It would be the first time that lawmakers participate in a Mass at the temple since the summer of 2008.
“(Lawmakers) felt we should visit Jogye Temple for our ceremony,” the official said. “Representative Cho consulted with other members, such as Representative Cho Byung-gook and Representative Lee In-ki, and asked the Jogye Order about holding our meeting there. They gave us the green light.” Cho leads the group of Buddhist followers within the GNP.
In January this year, the Jogye Order sent a directive to its member temples banning government officials and GNP lawmakers from attending any Buddhist events. The action came after the GNP passed a budget bill in December slashing state aid for temple stay tourism programs from 18.5 billion won ($17 million) in 2010 to 12.2 billion won.
Government officials later explained that there was miscommunication in earmarking the budget and gave assurances that the funding would be reinstated to the former level. But that wasn’t enough to assuage suspicions of religious partiality after President Lee Myung-bak, a Presbyterian, took office in 2008. The Jogye Order also declared it would reject state funding until Lee’s term ends in February 2013.
Officials said 20 to 30 GNP representatives will attend the ceremony and they will issue a resolution on cooperation and harmony before taking their 108 bows.
Officials at the Jogye Order said the ban hasn’t been entirely lifted, though recent signs point to a resolution between the two sides. On March 28, the Venerable Hyechong, head of Dharma Propagation at the sect, attended a service led by a group of Buddhists at the Blue House.

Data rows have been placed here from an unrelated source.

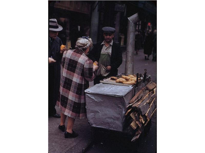 烤馬鈴薯的小販。(1942年10月4日,紐約)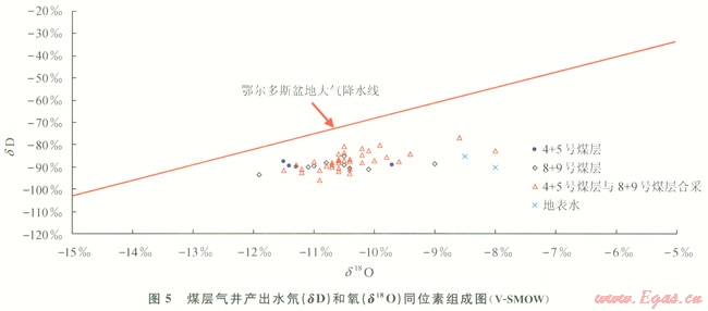 2.3 煤層氣井產(chǎn)出水氘(dDH2O)和氧(d18OH2O)同位素組成特征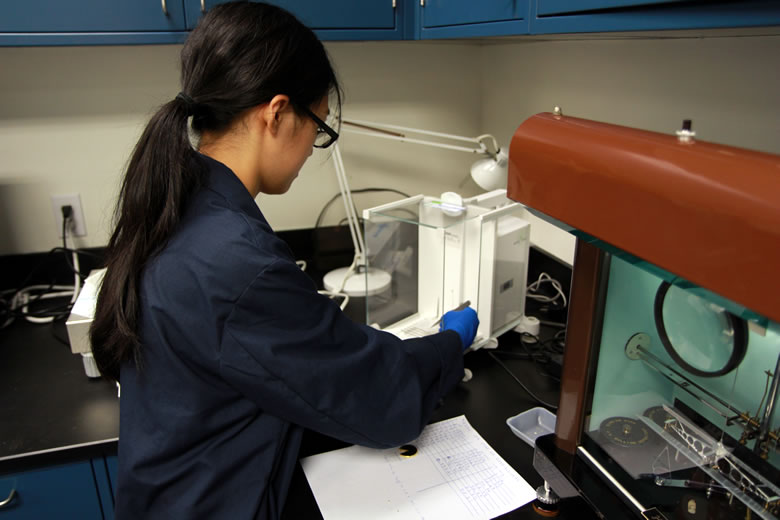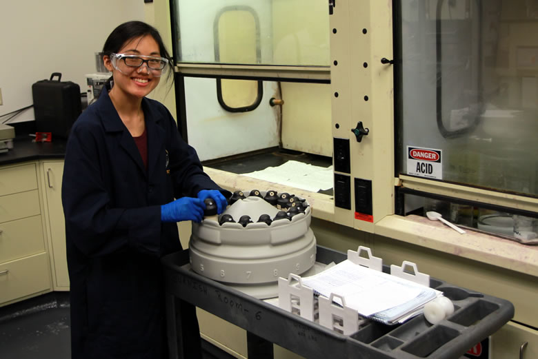 Later in our visit, we caught up with Grace again. She was preparing microwave vessels using aqua regia to dissolve 0.9999 fine gold samples for assaying.

Later last month, the order removed a sign at its headquarters that banned government and ruling party officials. Jogye also sent a directive to its members saying that government officials could visit temples for Buddha’s Birthday on May 10 as long as they made their trips in an individual capacity.
“We haven’t made the final call on (completely lifting the ban on politicians),” an official at the sect said. “We will reach the decision after studying the opinions of our monks and other Buddhists. What (politicians) do isn’t as important as their sincerity.”